> [What to produce]:
Print out every line of the material exactly. Include no pictures.

> [Information supplied]:

———

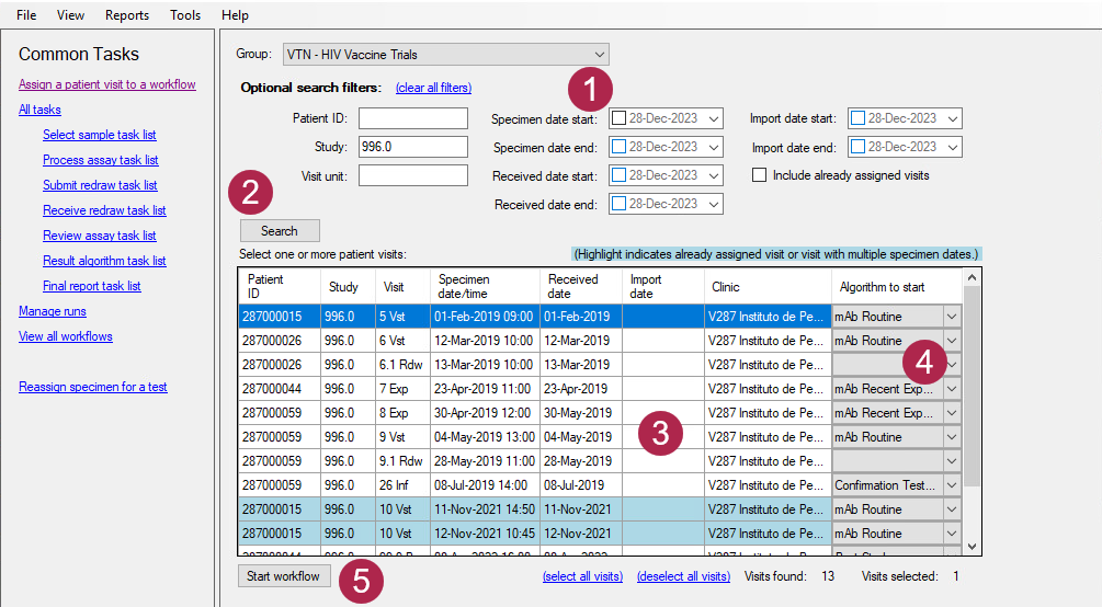 Figure: The assign a patient visit to workflow task. (1) filters for visit search results, (2) search for visits meeting search criteria, (3) visits that meet search criteria, (4) algorithm to use for newly created workflows, (5) create new workflow for selected visits
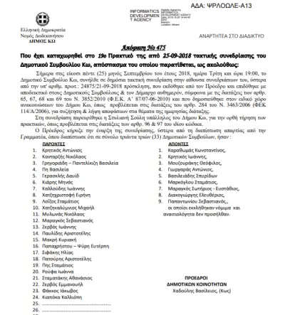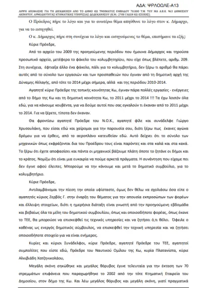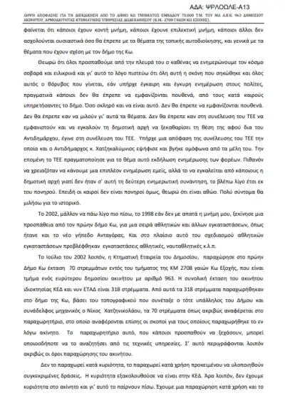 Στο νομικό κομμάτι δεν υπάρχει μέλος του δημοτικού συμβουλίου που να μην έχει λόγο να προσφύγει κατά της νομιμότητας της απόφασης που επισυνάπτουμε για τα δικά σας συμπεράσματα.
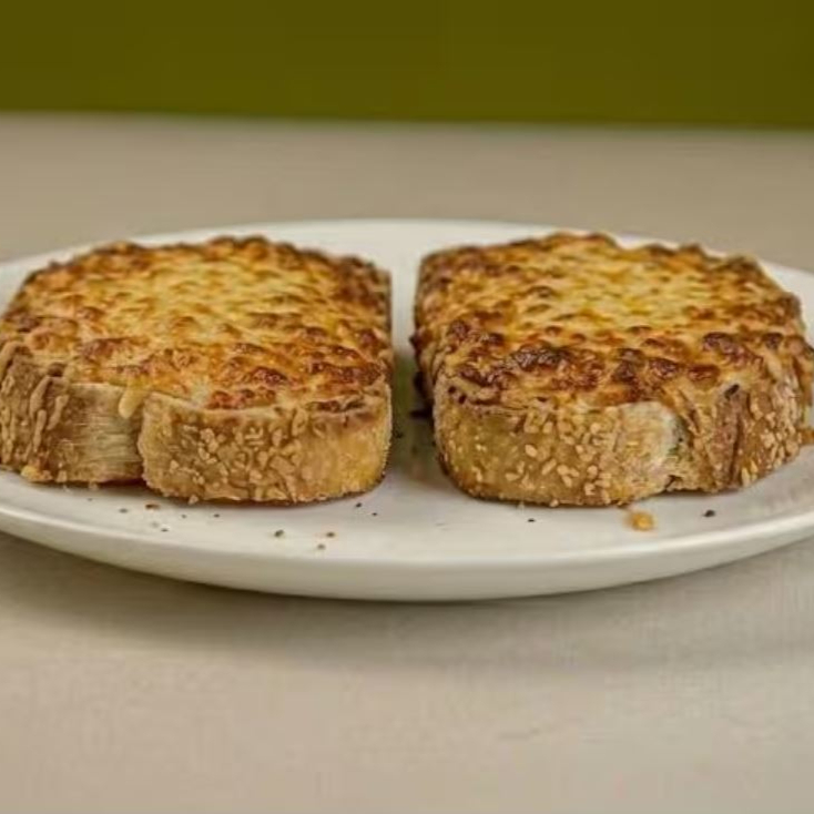 Pão de forma dourado na Manteiga e Queijo Mussarela Fatiado.

———

> [Written solution]:
 Figure: The assign a patient visit to workflow task. (1) filters for visit search results, (2) search for visits meeting search criteria, (3) visits that meet search criteria, (4) algorithm to use for newly created workflows, (5) create new workflow for selected visits
 Στο νομικό κομμάτι δεν υπάρχει μέλος του δημοτικού συμβουλίου που να μην έχει λόγο να προσφύγει κατά της νομιμότητας της απόφασης που επισυνάπτουμε για τα δικά σας συμπεράσματα.
 Pão de forma dourado na Manteiga e Queijo Mussarela Fatiado.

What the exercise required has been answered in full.